(Supplied information begins)

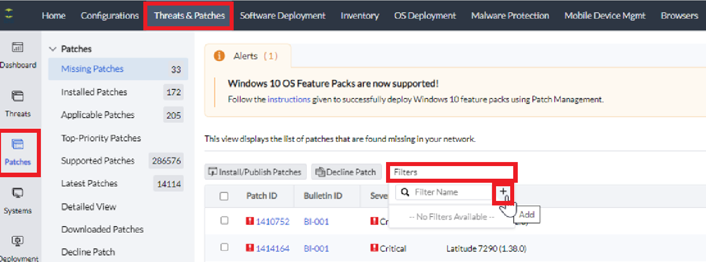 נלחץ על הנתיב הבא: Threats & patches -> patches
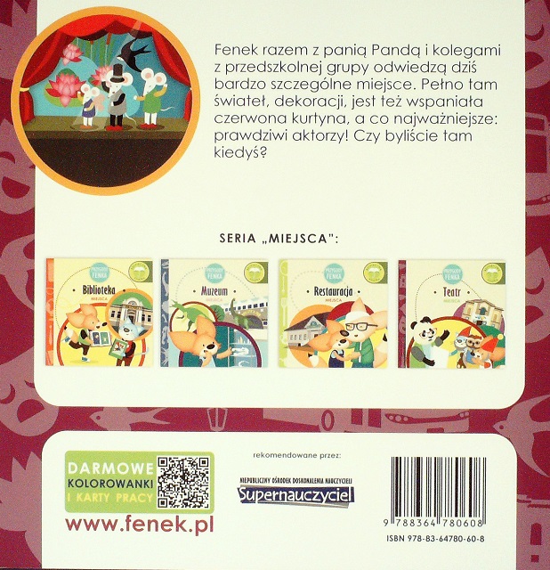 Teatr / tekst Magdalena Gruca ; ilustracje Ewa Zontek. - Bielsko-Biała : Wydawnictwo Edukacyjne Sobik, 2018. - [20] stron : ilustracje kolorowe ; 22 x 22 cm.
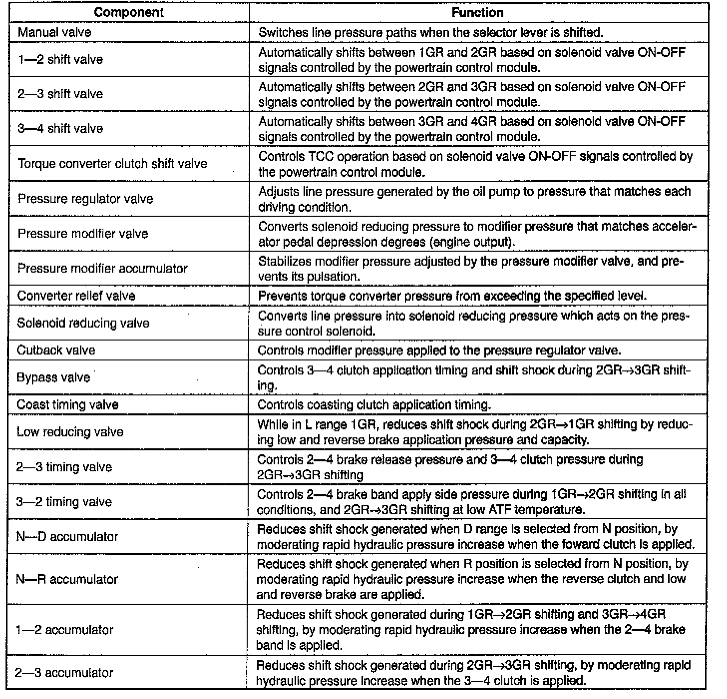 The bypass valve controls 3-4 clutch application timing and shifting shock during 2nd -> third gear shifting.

(Supplied information ends)

| The task |
Recopy the whole listing above precisely, excluding images.

| Task output |
 נלחץ על הנתיב הבא: Threats & patches -> patches
 Teatr / tekst Magdalena Gruca ; ilustracje Ewa Zontek. - Bielsko-Biała : Wydawnictwo Edukacyjne Sobik, 2018. - [20] stron : ilustracje kolorowe ; 22 x 22 cm.
 The bypass valve controls 3-4 clutch application timing and shifting shock during 2nd -> third gear shifting.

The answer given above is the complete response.